*** Material provided ***

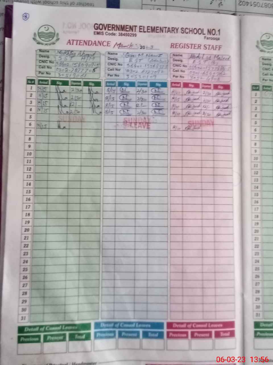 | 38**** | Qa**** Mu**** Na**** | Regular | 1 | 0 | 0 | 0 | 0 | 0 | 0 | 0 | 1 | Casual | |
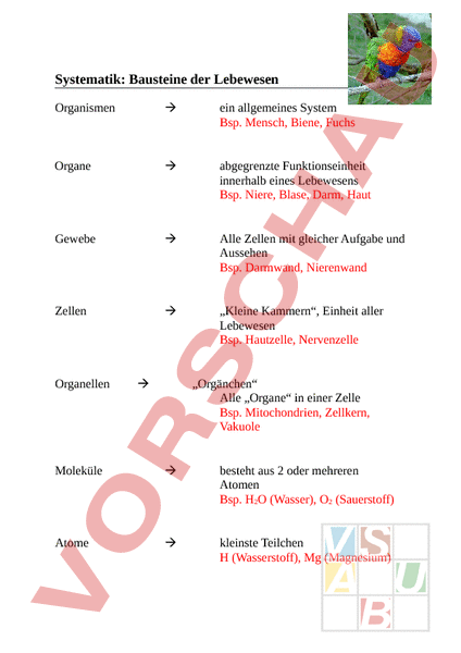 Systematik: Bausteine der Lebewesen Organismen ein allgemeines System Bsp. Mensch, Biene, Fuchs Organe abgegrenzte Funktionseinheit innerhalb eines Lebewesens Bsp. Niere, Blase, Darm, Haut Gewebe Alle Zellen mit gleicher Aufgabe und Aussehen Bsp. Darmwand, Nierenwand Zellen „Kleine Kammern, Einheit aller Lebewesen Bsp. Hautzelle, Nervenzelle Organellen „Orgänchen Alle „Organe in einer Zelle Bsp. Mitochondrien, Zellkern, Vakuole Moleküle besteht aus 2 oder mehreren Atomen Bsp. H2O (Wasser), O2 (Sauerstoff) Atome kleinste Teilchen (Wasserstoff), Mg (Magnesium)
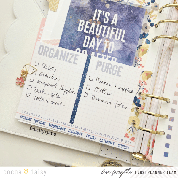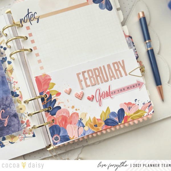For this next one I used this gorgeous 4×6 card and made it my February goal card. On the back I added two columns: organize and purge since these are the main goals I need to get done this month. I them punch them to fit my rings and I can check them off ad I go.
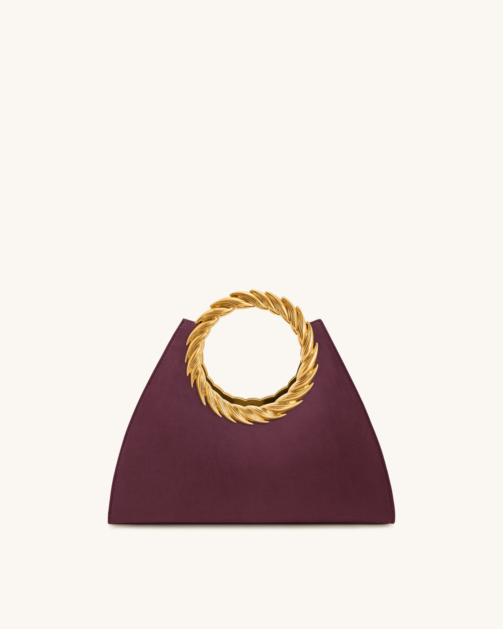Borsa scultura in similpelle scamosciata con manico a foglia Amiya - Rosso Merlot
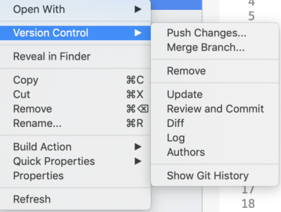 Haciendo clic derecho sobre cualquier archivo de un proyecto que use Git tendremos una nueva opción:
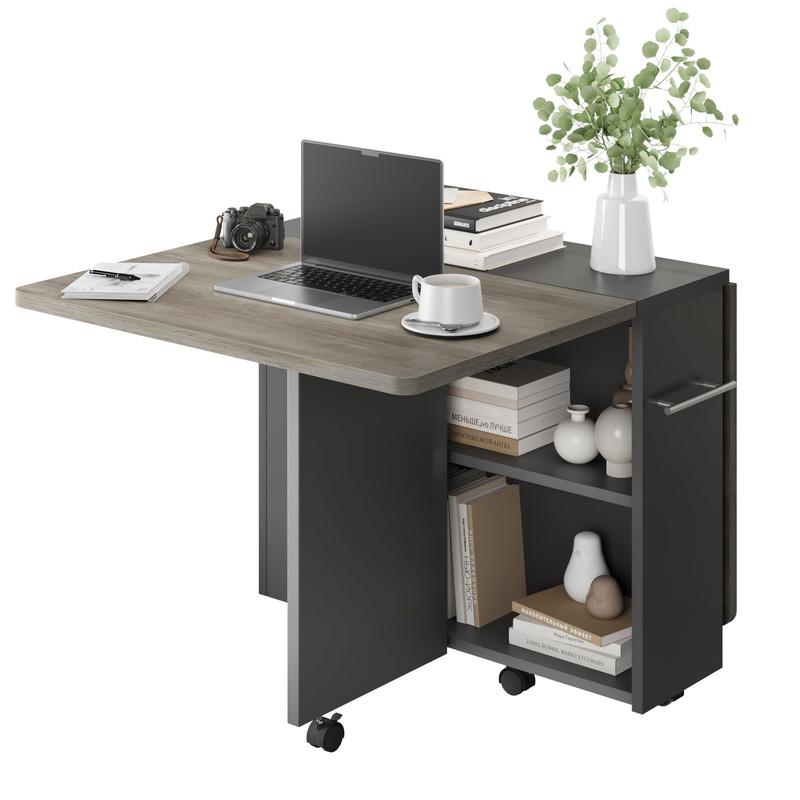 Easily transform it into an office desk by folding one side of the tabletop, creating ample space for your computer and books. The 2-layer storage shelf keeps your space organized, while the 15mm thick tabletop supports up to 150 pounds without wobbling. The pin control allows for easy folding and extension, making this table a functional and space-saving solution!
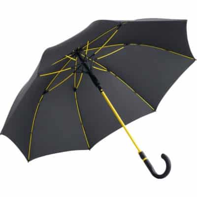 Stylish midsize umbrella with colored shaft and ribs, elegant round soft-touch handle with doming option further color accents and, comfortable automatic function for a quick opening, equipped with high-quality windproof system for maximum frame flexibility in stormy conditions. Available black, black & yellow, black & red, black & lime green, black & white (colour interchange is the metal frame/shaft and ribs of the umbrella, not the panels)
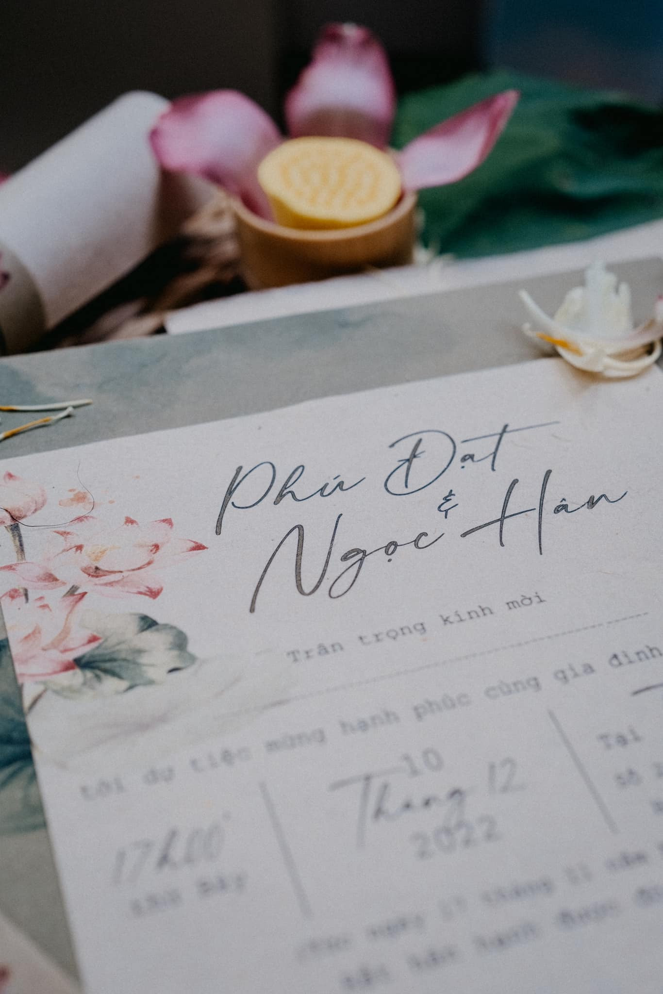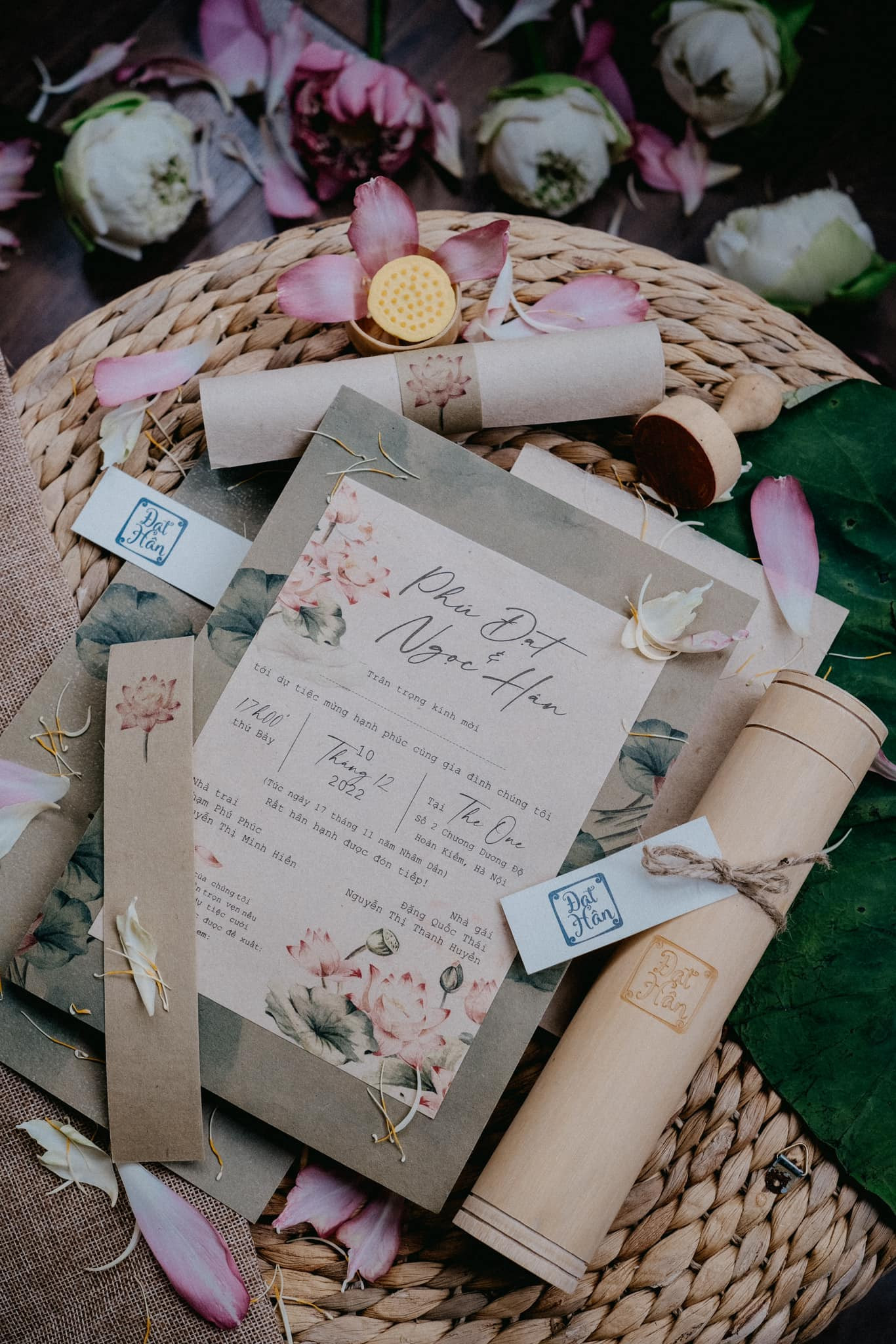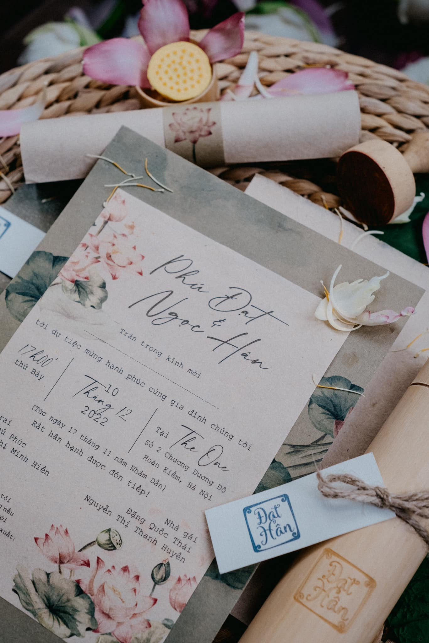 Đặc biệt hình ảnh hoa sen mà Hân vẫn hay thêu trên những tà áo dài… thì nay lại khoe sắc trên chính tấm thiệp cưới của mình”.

*** End of Material provided ***

> [What you are asked to do]
Everything from the line with "For this next" through the line with "Easily transform it" in the material above should be transcribed exactly, except the pictures.

> [Reply]
For this next one I used this gorgeous 4×6 card and made it my February goal card. On the back I added two columns: organize and purge since these are the main goals I need to get done this month. I them punch them to fit my rings and I can check them off ad I go.
Borsa scultura in similpelle scamosciata con manico a foglia Amiya - Rosso Merlot
 Haciendo clic derecho sobre cualquier archivo de un proyecto que use Git tendremos una nueva opción:
 Easily transform it into an office desk by folding one side of the tabletop, creating ample space for your computer and books. The 2-layer storage shelf keeps your space organized, while the 15mm thick tabletop supports up to 150 pounds without wobbling. The pin control allows for easy folding and extension, making this table a functional and space-saving solution!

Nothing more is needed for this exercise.